Excerpted records: Begin
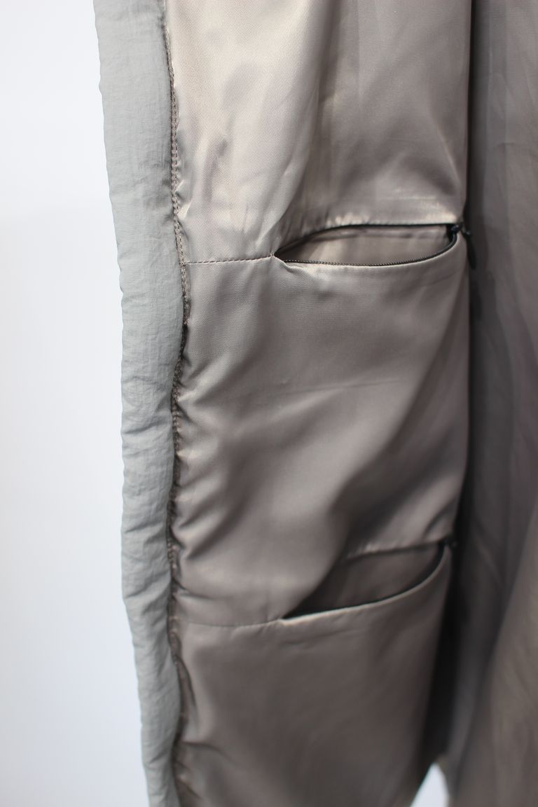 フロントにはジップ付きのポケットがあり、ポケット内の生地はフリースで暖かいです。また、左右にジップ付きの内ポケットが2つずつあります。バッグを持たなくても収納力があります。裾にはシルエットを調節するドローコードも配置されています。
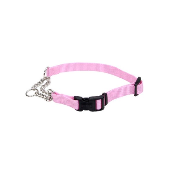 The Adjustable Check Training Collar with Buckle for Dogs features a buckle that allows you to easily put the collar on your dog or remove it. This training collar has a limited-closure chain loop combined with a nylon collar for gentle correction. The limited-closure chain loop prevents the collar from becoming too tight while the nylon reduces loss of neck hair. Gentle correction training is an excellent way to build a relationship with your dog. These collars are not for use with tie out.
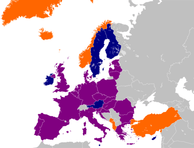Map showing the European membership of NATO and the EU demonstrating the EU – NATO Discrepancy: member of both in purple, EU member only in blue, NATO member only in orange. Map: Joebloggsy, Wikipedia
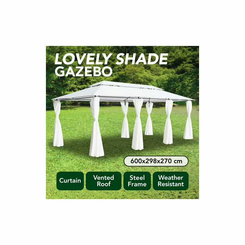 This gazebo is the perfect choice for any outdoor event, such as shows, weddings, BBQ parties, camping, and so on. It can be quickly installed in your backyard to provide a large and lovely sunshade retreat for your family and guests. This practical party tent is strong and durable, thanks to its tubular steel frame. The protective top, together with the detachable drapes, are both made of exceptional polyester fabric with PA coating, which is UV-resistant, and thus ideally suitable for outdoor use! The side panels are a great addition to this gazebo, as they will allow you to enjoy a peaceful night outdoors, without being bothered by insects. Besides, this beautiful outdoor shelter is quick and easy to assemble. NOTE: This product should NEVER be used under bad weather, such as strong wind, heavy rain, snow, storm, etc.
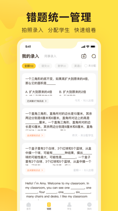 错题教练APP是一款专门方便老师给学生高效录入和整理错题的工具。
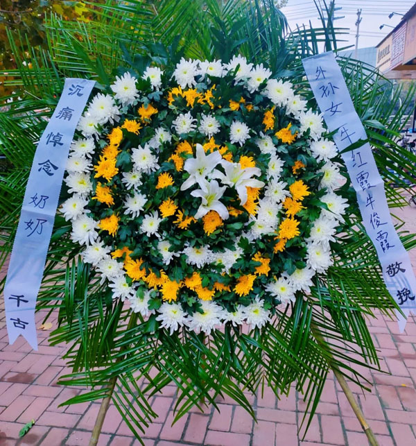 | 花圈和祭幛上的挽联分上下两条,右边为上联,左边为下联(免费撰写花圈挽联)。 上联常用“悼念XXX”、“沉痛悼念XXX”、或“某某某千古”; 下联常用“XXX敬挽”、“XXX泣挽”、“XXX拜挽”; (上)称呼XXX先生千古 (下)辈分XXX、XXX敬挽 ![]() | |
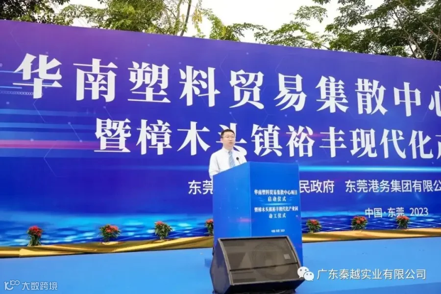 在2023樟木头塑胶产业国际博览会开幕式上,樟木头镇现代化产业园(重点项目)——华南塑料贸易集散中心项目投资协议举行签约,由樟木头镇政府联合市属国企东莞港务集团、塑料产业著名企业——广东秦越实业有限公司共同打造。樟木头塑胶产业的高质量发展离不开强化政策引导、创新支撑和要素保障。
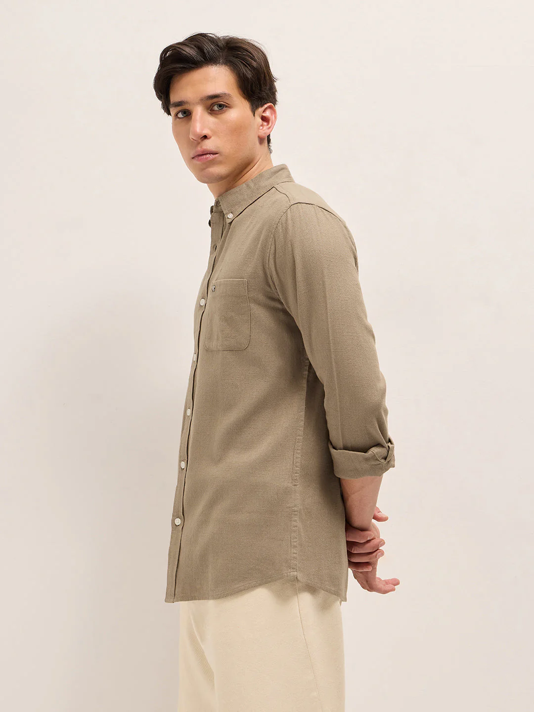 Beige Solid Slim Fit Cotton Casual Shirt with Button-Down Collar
Excerpted records: End
== Goal of the exercise ==
Would you transcribe all of the data exactly, omitting any pictures?

== Answer to the exercise ==
 フロントにはジップ付きのポケットがあり、ポケット内の生地はフリースで暖かいです。また、左右にジップ付きの内ポケットが2つずつあります。バッグを持たなくても収納力があります。裾にはシルエットを調節するドローコードも配置されています。
 The Adjustable Check Training Collar with Buckle for Dogs features a buckle that allows you to easily put the collar on your dog or remove it. This training collar has a limited-closure chain loop combined with a nylon collar for gentle correction. The limited-closure chain loop prevents the collar from becoming too tight while the nylon reduces loss of neck hair. Gentle correction training is an excellent way to build a relationship with your dog. These collars are not for use with tie out.
Map showing the European membership of NATO and the EU demonstrating the EU – NATO Discrepancy: member of both in purple, EU member only in blue, NATO member only in orange. Map: Joebloggsy, Wikipedia
 This gazebo is the perfect choice for any outdoor event, such as shows, weddings, BBQ parties, camping, and so on. It can be quickly installed in your backyard to provide a large and lovely sunshade retreat for your family and guests. This practical party tent is strong and durable, thanks to its tubular steel frame. The protective top, together with the detachable drapes, are both made of exceptional polyester fabric with PA coating, which is UV-resistant, and thus ideally suitable for outdoor use! The side panels are a great addition to this gazebo, as they will allow you to enjoy a peaceful night outdoors, without being bothered by insects. Besides, this beautiful outdoor shelter is quick and easy to assemble. NOTE: This product should NEVER be used under bad weather, such as strong wind, heavy rain, snow, storm, etc.
 错题教练APP是一款专门方便老师给学生高效录入和整理错题的工具。
 | 花圈和祭幛上的挽联分上下两条,右边为上联,左边为下联(免费撰写花圈挽联)。 上联常用“悼念XXX”、“沉痛悼念XXX”、或“某某某千古”; 下联常用“XXX敬挽”、“XXX泣挽”、“XXX拜挽”; (上)称呼XXX先生千古 (下)辈分XXX、XXX敬挽 ![]() | |
 在2023樟木头塑胶产业国际博览会开幕式上,樟木头镇现代化产业园(重点项目)——华南塑料贸易集散中心项目投资协议举行签约,由樟木头镇政府联合市属国企东莞港务集团、塑料产业著名企业——广东秦越实业有限公司共同打造。樟木头塑胶产业的高质量发展离不开强化政策引导、创新支撑和要素保障。
 Beige Solid Slim Fit Cotton Casual Shirt with Button-Down Collar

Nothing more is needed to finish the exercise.